La joie. La date du dies natalis (la naissance au Ciel) des derniers papes est significative de leur pontificat, comme une signature divine de l’accomplissement de leur mission terrestre. Il n’est que de penser à saint Jean-Paul II, mort les premières vêpres du dimanche de la miséricorde divine par lui institué, qui étaient aussi le jour où nous faisons mémoire de Marie à laquelle il était totus tuus. Ou de saint Paul VI, qui, mort le jour de la fête de la Transfiguration, avait placé au cœur du dernier Concile et de son pontificat, l’homme dans son unique destinée qui est surnaturelle, c’est-à-dire divine, donc, Dieu lui-même. Qui ne sait que le pape François à l’allégresse roborative et communicative, jusque dans l’adversité, avait placé presque tous ses actes magistériels sous le signe de la joie ; or, il nous est enlevé dans cette semaine où, en carillonnant les Alléluia, toute la liturgie célèbre la joie pascale.

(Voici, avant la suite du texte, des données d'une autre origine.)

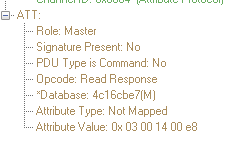 Not mapped 就是你的这个特征值没有正确注册,然后对方在查找服务的时候没有找到,然后你就擅自用这个特征值去write了,就得到了这个结果。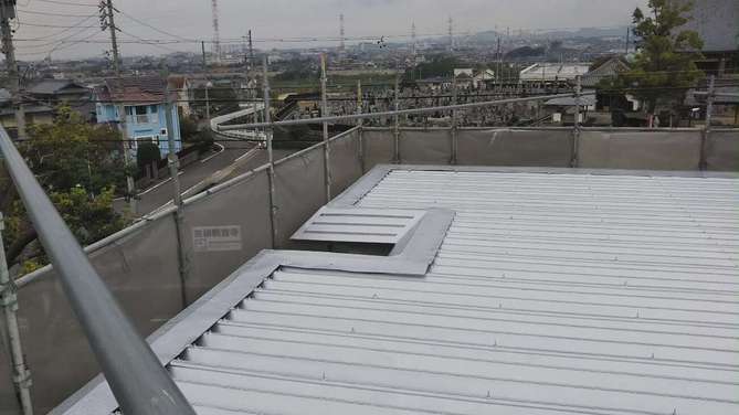 名古屋市守山区にて折板屋根の塗装と雨樋交換工事を行いました。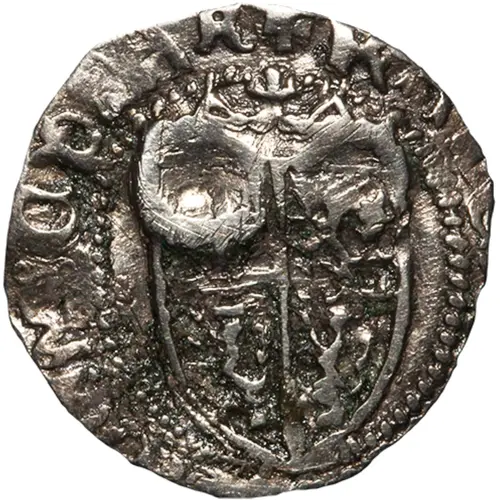 | Aversbeschreibung | Crowned shield with the emblems of the kingdom of Jerusalem, the Lusignans, the king of Armenia and the kingdom of Cyprus, surrounded by a beaded ring. Another beaded ring on the rim, with the inscription between the rings. |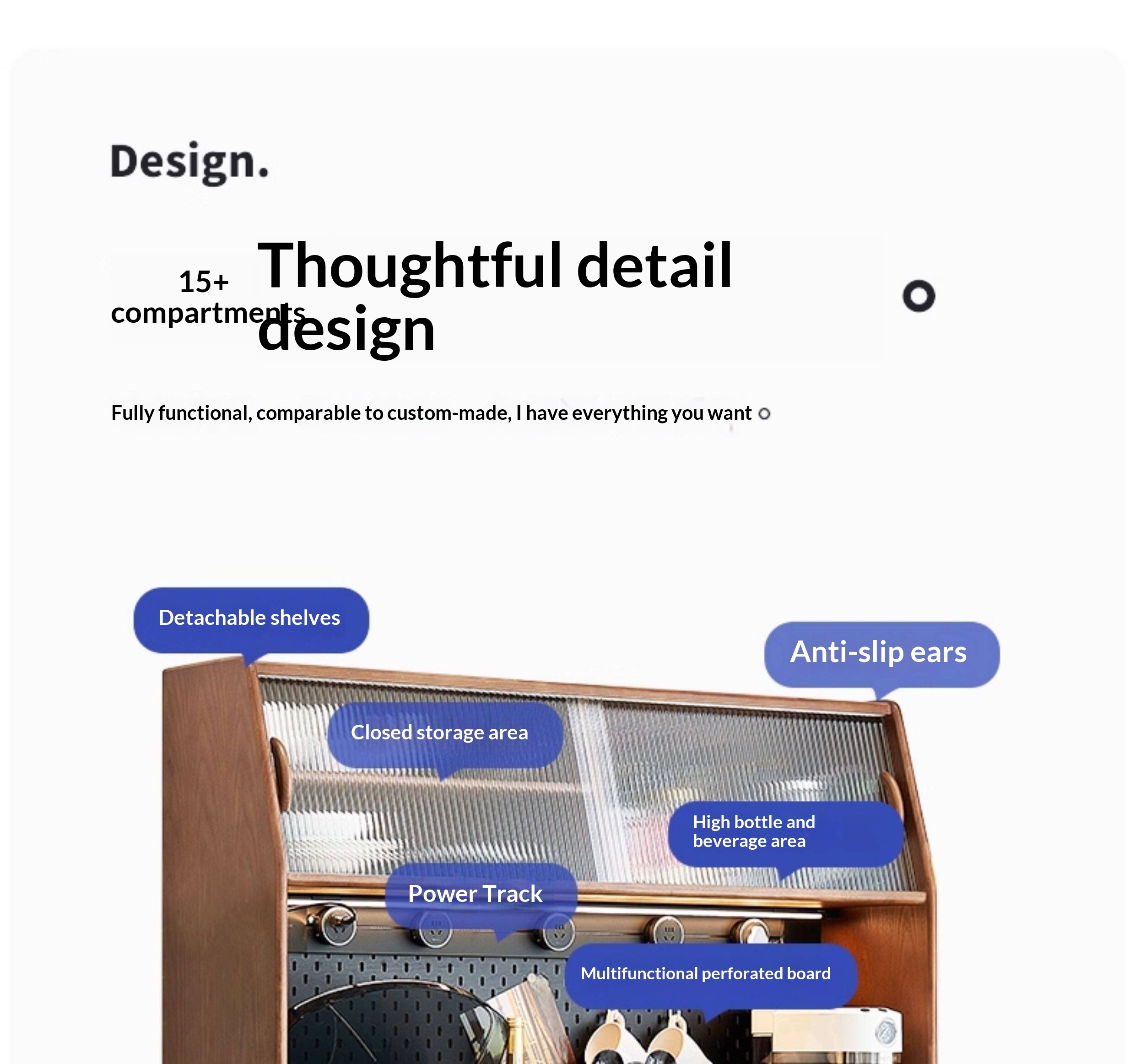 Upper and lower tier sideboard ash wood cabinet, electric sliding rail integrated storage cabinet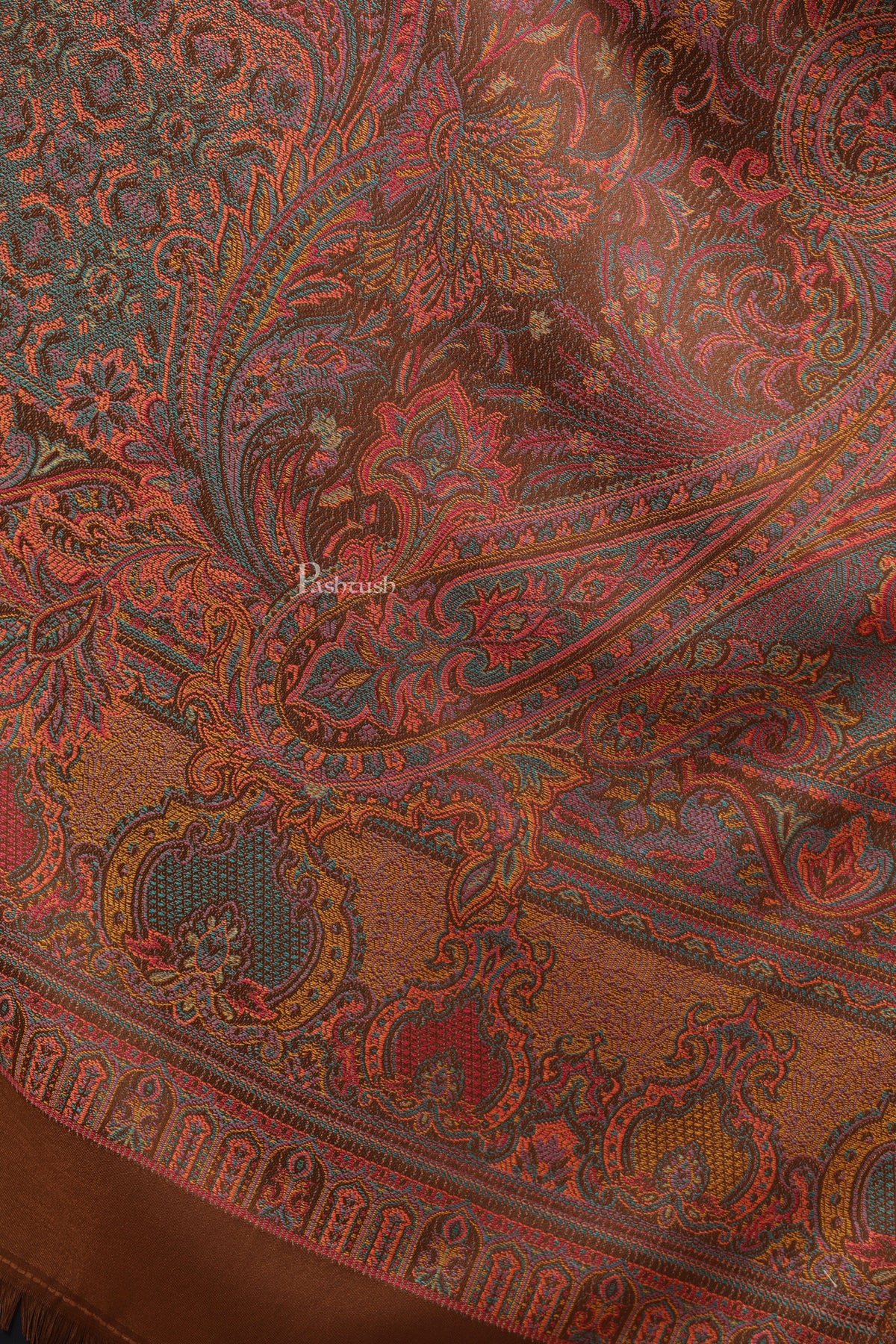 Pashtush Womens Faux Pashmina Stole, Pasiley Design, Brown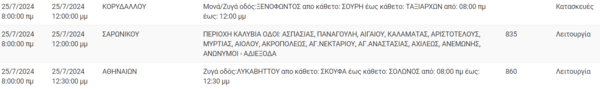 Διακοπές ρεύματος αναμένεται να σημειωθούν σήμερα, Πέμπτη 25 Ιουλίου, σε 12 περιοχές της Αττικής σύμφωνα με την ανακοίνωση του ΔΕΔΔΗΕ.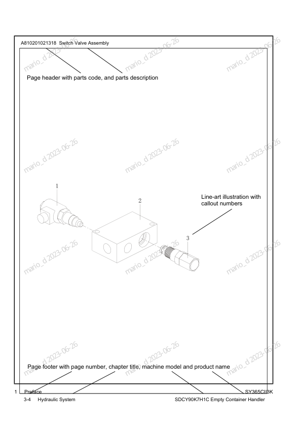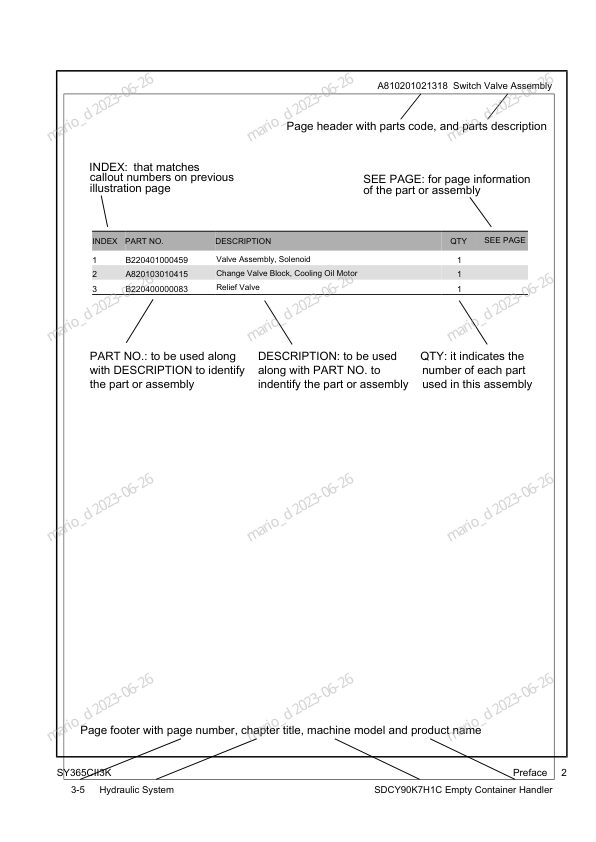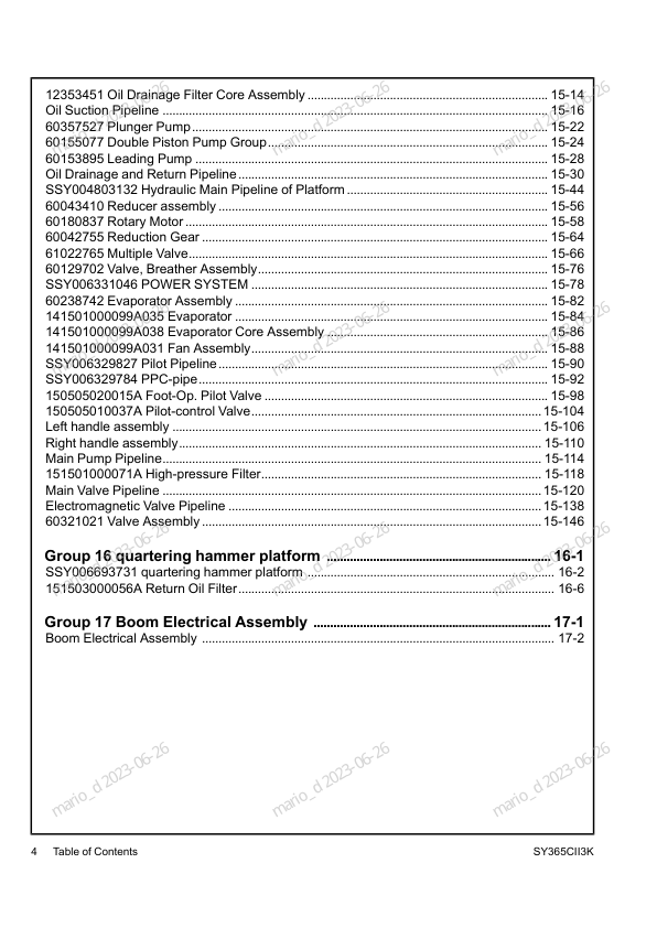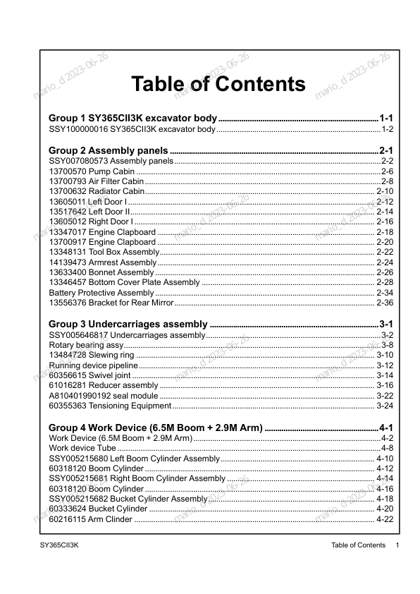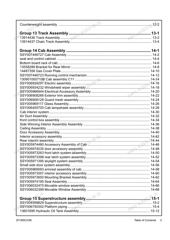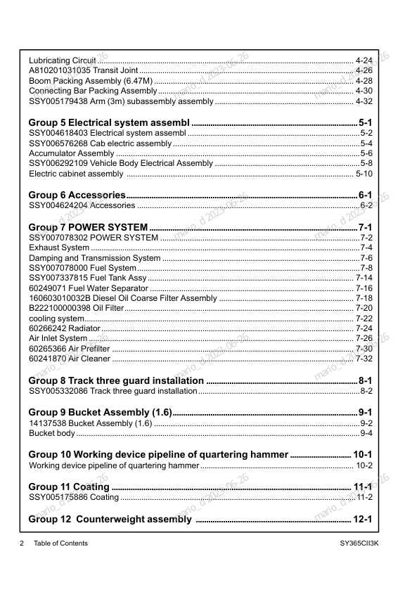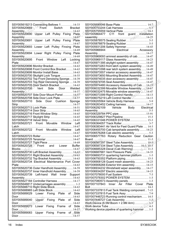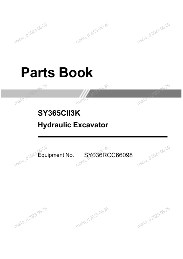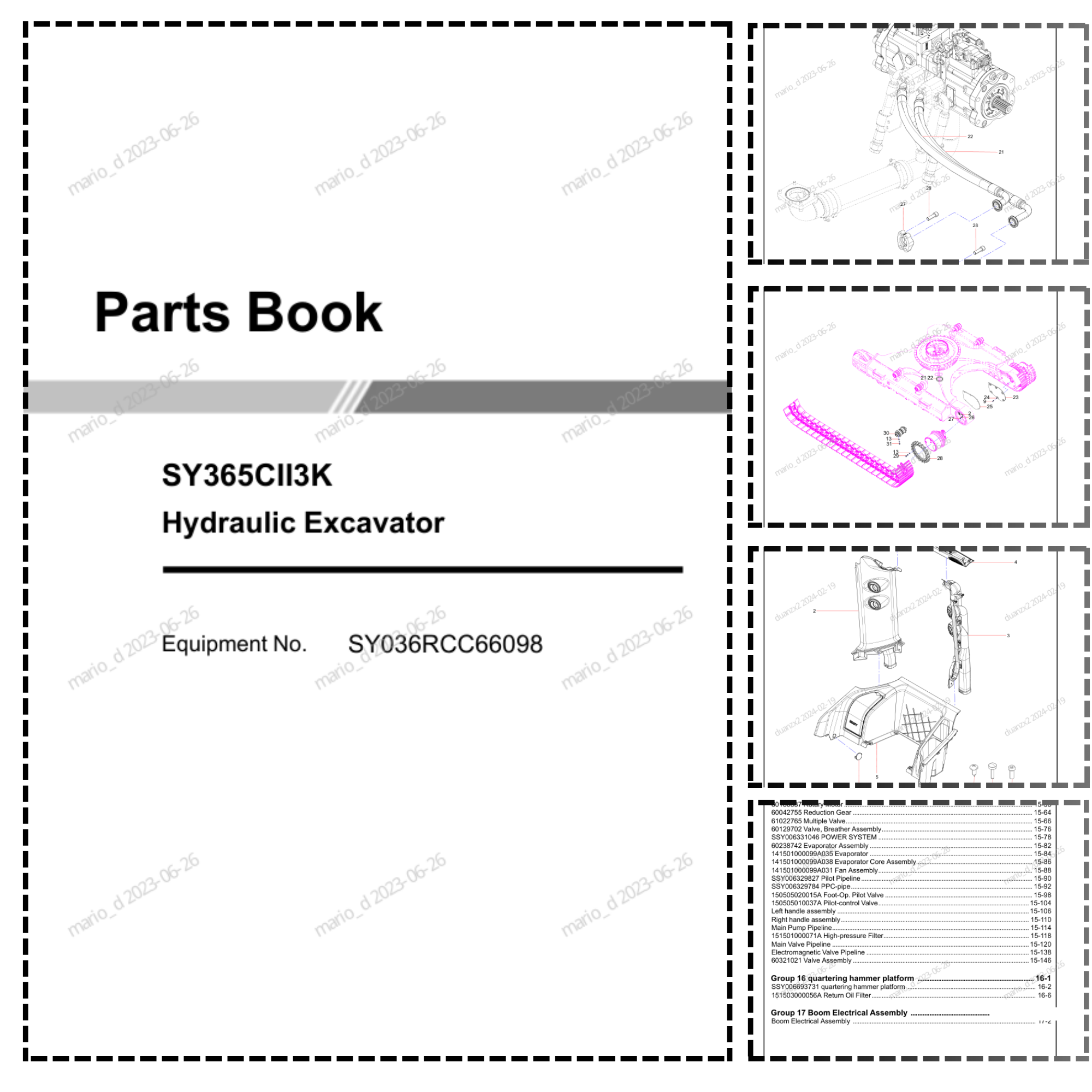 SANY SY365CII3K Hydraulic Excavator Parts Catalog SE036RCC66098

La miséricorde. Dans la continuité profonde avec ses deux prédécesseurs, Jean-Paul II qui contemplait le Christ Rédempteur de l’homme et Révélateur du Père riche en miséricorde, et Benoît XVI qui, dans son encyclique programmatique, recentrait notre regard sur « Dieu amour » (1 Jn 4,8.16), Jorge Maria Bergoglio choisissait comme devise pontificale : « miserando atque eligendo : bénéficiaire de la miséricorde [ce qui est plus que pardonné ] et choisi ». Mais, comme il se doit, cette continuité n’est pas allée sans quelque réforme qui n’a pas réjoui tout le monde et quelques actes forts qui ont marqué profondément les esprits et les cœurs, comme ces trois encycliques dont la première, Laudato si, élargit notre compassion aux dimensions de la Terre, la deuxième, Fratelli tutti, l’approfondit jusqu’à embrasser tout homme et la troisième, Dilexit nos, l’approfondit jusqu’à la racine qui est la miséricorde même du Cœur de Jésus.
Le don. Ce que le pape François dit, il le vit. Qui, hier, n’a pas été bouleversé, lors de la bénédiction Urbi et Orbi, par la présence du Saint-Père dont nous mesurons maintenant combien il était exténué à l’excès et qui, en se montrant à nous, s’est donné jusqu’au dernier moment et jusqu’au dernier souffle, à l’image même de Celui dont il était le Vicaire et qui nous a aimés « jusqu’à l’extrême » (Jn 13,1) ? Ce faisant, il a scellé un pontificat dont les dernières années ont été marquées par une offrande et un abandon sans cesse croissants.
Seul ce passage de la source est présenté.